About 220,000 troops guarded polling stations, shopping centers and other sensitive areas after what experts called the most peaceful campaign in more than a decade in a nation battered by violence involving leftist rebels, right-wing militias, drug traffickers and security forces.

Uribe would become the first incumbent to be re-elected in Colombia since President Rafael Nunez in 1892. A constitutional amendment he pushed through Congress last year allows him to seek a second term.

Recent years have seen left-leaning leaders take office in Bolivia, Venezuela, Brazil, Argentina, Uruguay and Chile. But the election of the conservative Uribe bucks the leftward trend in South America.

Despite predictions of low turnout in a race whose outcome seemed sure, thousands of people shook off the chill and damp of the morning to vote early at the country's largest polling station in central Bogotá.

"I didn't think there would be so many people coming out to vote," said Enrique Moreno, a commercial pilot.

For the vote, Bogotá looked more like a bomb-proofed Baghdad, Iraq, than its normally ebullient self, as camouflaged tanks march down a leafy street and heavily armed combat troops frisked motorists at random checkpoints.

While there has been a dramatic drop in kidnappings and murders under Uribe, an end to the violence perpetrated by leftist rebels remains elusive.

Rebels controlling huge tracts of the countryside have traditionally tried to assert their presence ahead of elections by increasing the number of attacks and politically motivated kidnappings.

This year, the most notable incident was the murder in April, during a botched kidnapping, of the sister of former president Cesar Gaviria, which authorities attributed to the FARC, the country's largest rebel group. Cesar is of no relation to candidate Carlos Gaviria.

On Friday, three soldiers were killed when FARC guerrillas ambushed a navy infantry patrol near the town of El Guamo, 450 kilometers (280 miles) north of the capital.

But other than these attacks, the burning of several buses and a guerrilla-imposed ban on travel in two far-flung provinces, the violence leading up to Sunday's vote has been minimal.

According to a study by the independent Security and Democracy Foundation, 55 politically motivated murders and kidnappings were registered over the past 12 months - an 81 percent reduction from the year prior to the last elections, in 2002, when the FARC kidnapped candidate Ingrid Betancourt, who remains captive.

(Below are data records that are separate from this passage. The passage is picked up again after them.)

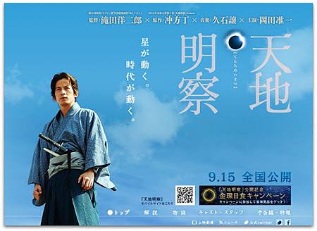 最後來補充介紹一下天地明察電影的訊息,這部電影的男主角是岡田準一,女主角是宮崎葵。電影前兩天已經放上了預告片,搭上久石讓大師的配樂,真是讓人非常期待呢!
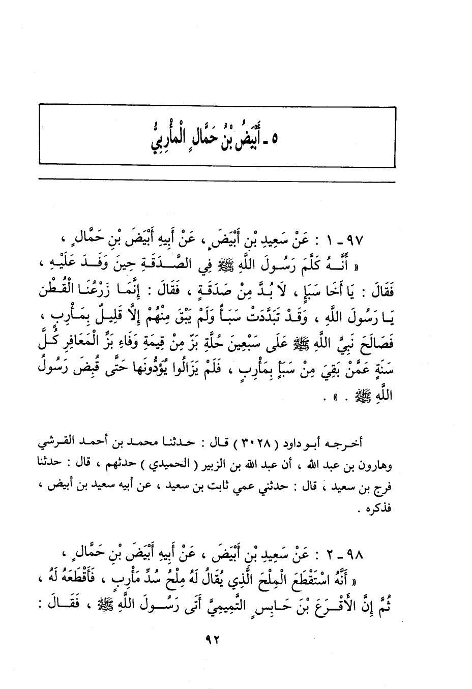 ٩٧ - عَنْ سَعِيدِ بْنِ أَبْيَضَ، عَنْ أَبِيهِ أَبْيَضَ بْنِ حَمَّالٍ؛
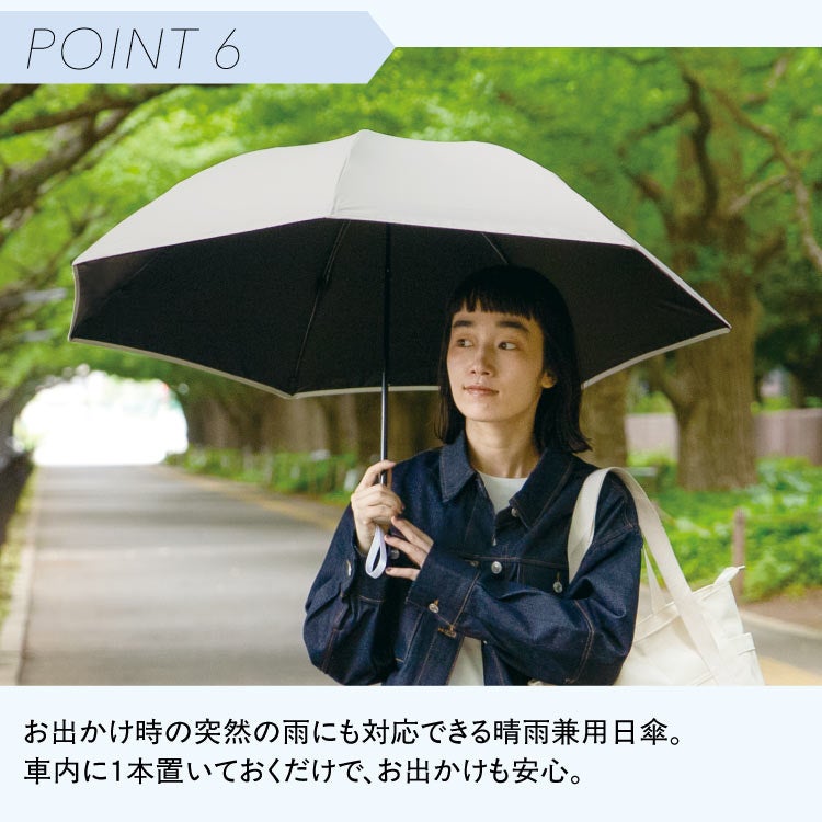 収納時のサイズは約11.5cmという持ち運びしやすいコンパクト設計に加え、UVカット率100%・遮光率100%・UPF50+*・はっ水加工などが施された生地を使用。機能性を徹底的に追求した、”小さくて頼れる”1本です。
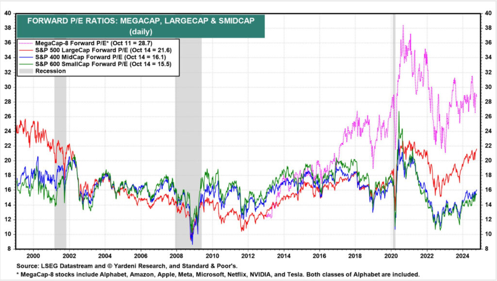 Magnify the lens on the chart below. It showcases the stratospheric valuation levels of “Mega Cap” stocks such as Nvidia, Microsoft, and Apple, well exceeding historical norms.
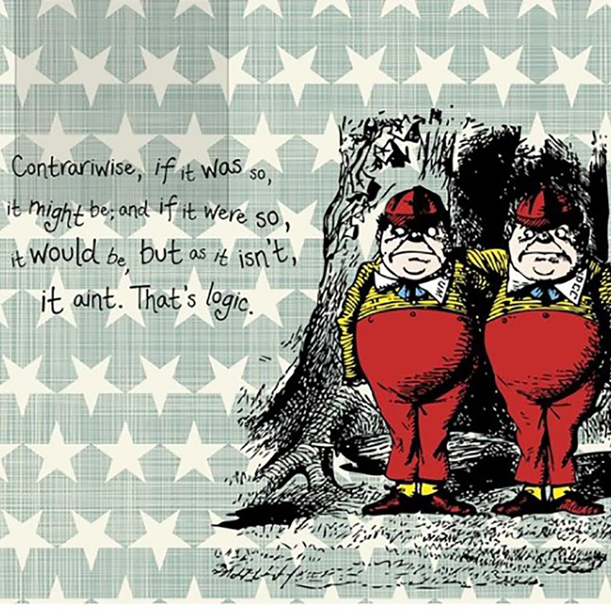 Transform your child’s bedroom with this amazing Tweedle Dee and Dum wallpaper mural from Ohpopsi. Features a stunning print of the 2 characters, set on a chequered background in sage green and white for a truly mesmerising wallcovering.
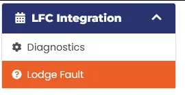 - In the left sidebar menu, under the “LFC Integration” heading, click “Lodge Fault” and work through the form!
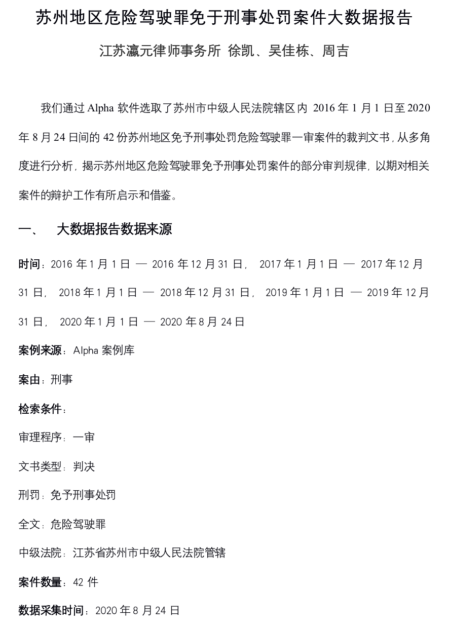 苏州地区危险驾驶罪免于刑事处罚案件大数据报告
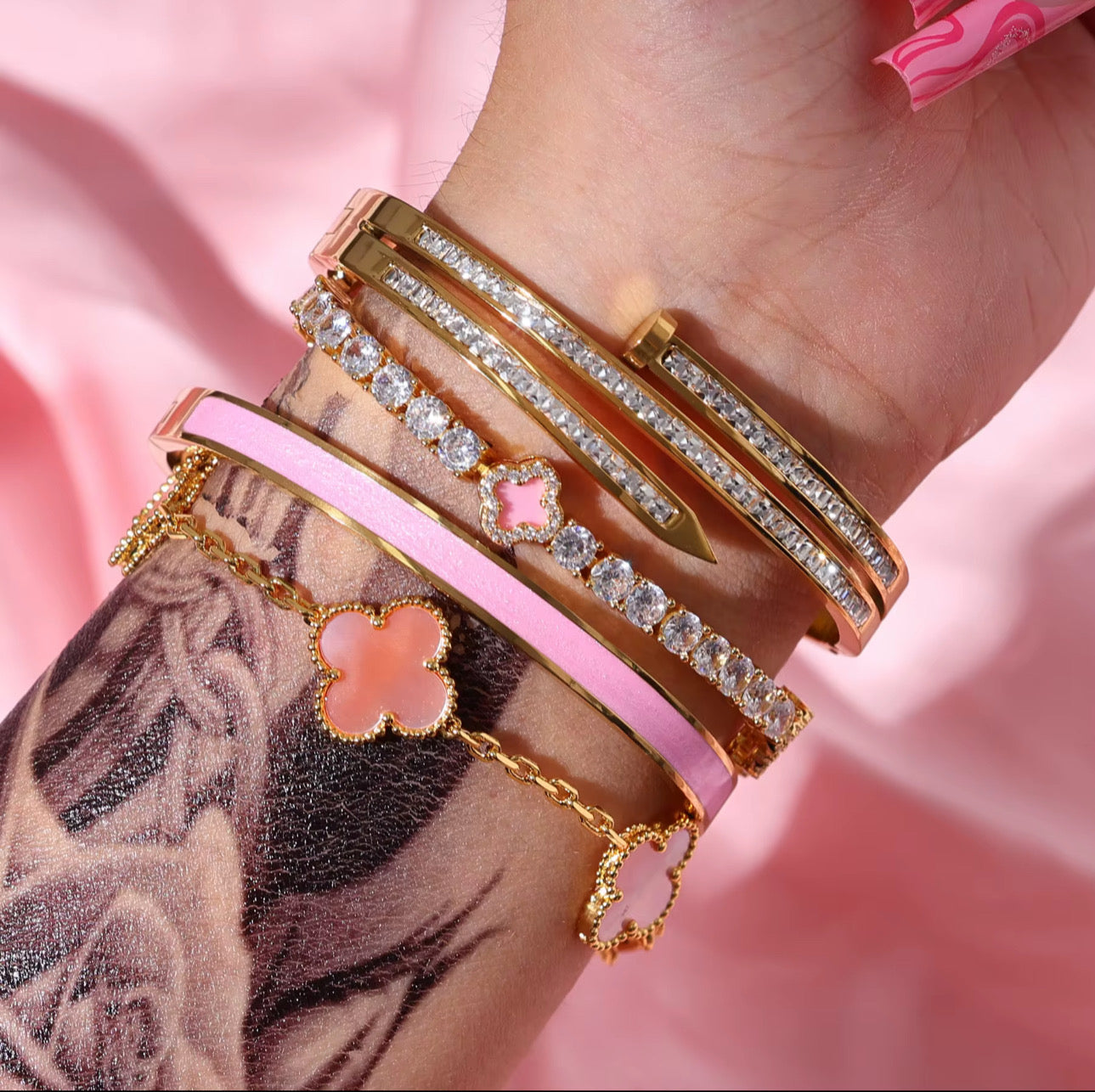 This dazzling 4-piece stainless steel bracelet bangle set gleams with sparkling clover designs, each bursting with full diamond-style brilliance. Perfect for adding a playful sparkle to any outfit!
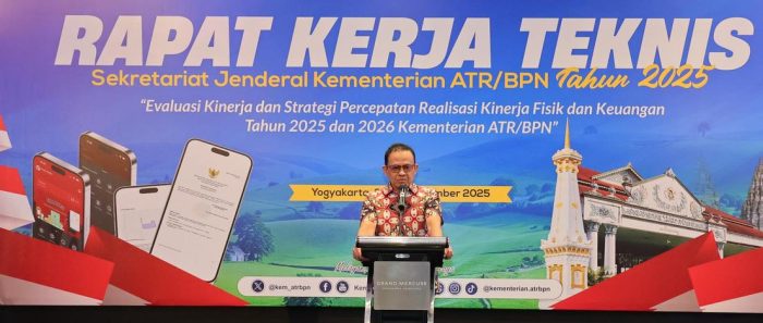 Hal tersebut disampaikan Direktur Jenderal Penetapan Hak dan Pendaftaran Tanah (PHPT) Kementerian ATR/BPN, Asnaedi, saat memberikan arahan dalam Rapat Kerja Teknis (Rakernis) Sekretariat Jenderal Kementerian ATR/BPN yang digelar di Yogyakarta, Senin (22/12/2025).

Colombians overwhelmingly credit Uribe for the dramatic drop in violence.

As part of his "democratic security" agenda, he's put 25 percent more troops and police on the streets during four years in office. And defense spending has nearly doubled, backed by military aid from the United States - part of the anti-drug effort known as Plan Colombia that has cost American taxpayers US$4 billion (euro3.1 billion) since 2000.

Also, since 2002, some 30,000 members of the United Self-Defense Forces of Colombia, or AUC, have handed in their weapons as part of a government-brokered amnesty deal with the landholder-backed paramilitary group.

Opponents accuse the president of focusing his war on Colombia's left-wing rebels and their ties to drug-trafficking, while allowed the country's murderous far-right paramilitaries to grow into a potent political force as they lay down arms in a government-brokered peace pact.

Colombia remains the world's largest producer of cocaine. Uribe, key ally in U.S. drug interdiction efforts is urging the United States to beef up an aerial fumigation fleet of 20 planes that sprays coca crops.